I don't think it's fair to say that the plan will "cut" funding. Even if the Commissioner's pessimistic numbers were right, it's not that anyone is cutting funding, it's that funding for Internet is being crowded out by other priorities. Voice services, webhosting, email, etc. are being cut (with Commissioner Pai's support).
Yesterday, Commissioner Pai said that the FCC plans to increase the contribution factor after the elections. Seems to me that you can't have it both ways: the Chairman may be planning to jack our phone bills, or he may be starve the fund so that Internet access won't be funded, but he can't be planning to do both.
But I have to say, I agree with Commissioner Pai's underlying point (and so do a lot of schools and libraries): we should be told how the Chairman plans to pay for years 3 through 5 of his plan. Commissioner Pai's not the only one worried that come Year 3, a lot of applicants are going to left high and dry.

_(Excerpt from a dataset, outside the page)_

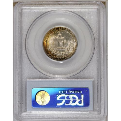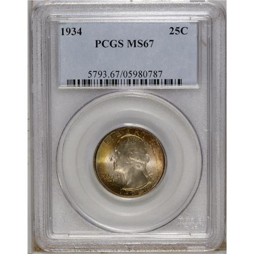 <B>1934 25C Medium Motto MS67 PCGS.</B></I> Reddish-brown, gold, and violet patina covers much of the periphery, while the remainder is pearl-gray. A highly lustrous and pleasing Superb Gem. Population: 61 in 67, 1 finer (12/06).<BR><BR><b>Shipping:</b> Coins & Currency (<a target="_blank" href="http://www.heritageauctions.com/common/shipping.php">view shipping information</a>)

What's up with the emphasis on rural applicants? Commissioner Pai always seems to be focused on the rural. In his reform proposal, rural applicants got twice as much funding as non-rural. And in this press release, he says, "many rural schools would lose all of their funding." Actually, the non-rural schools would be first in line, since rural schools get a 10% goose in their discount at lower levels. So the first to lose funding would be non-rural schools with 0%-1% low-income kids (20% discount). Then the rural schools with 0%-1% low-income kids (25% discount). Then non-rural with 1%-19.5% low-income (40%). The 50% band has both rural schools with 1%-19.5% low-income and non-rural with 19.5%-34.5% low-income.
So while the cuts imagined by Commissioner Pai would affect rural school children, they would affect a lot more non-rural children.
So Commissioner Pai gets a tip of my hat for pointing out that the emperor loses his clothes in year 3 of this reform, and a wag of my finger for overstating the harm, especially the harm to rural students.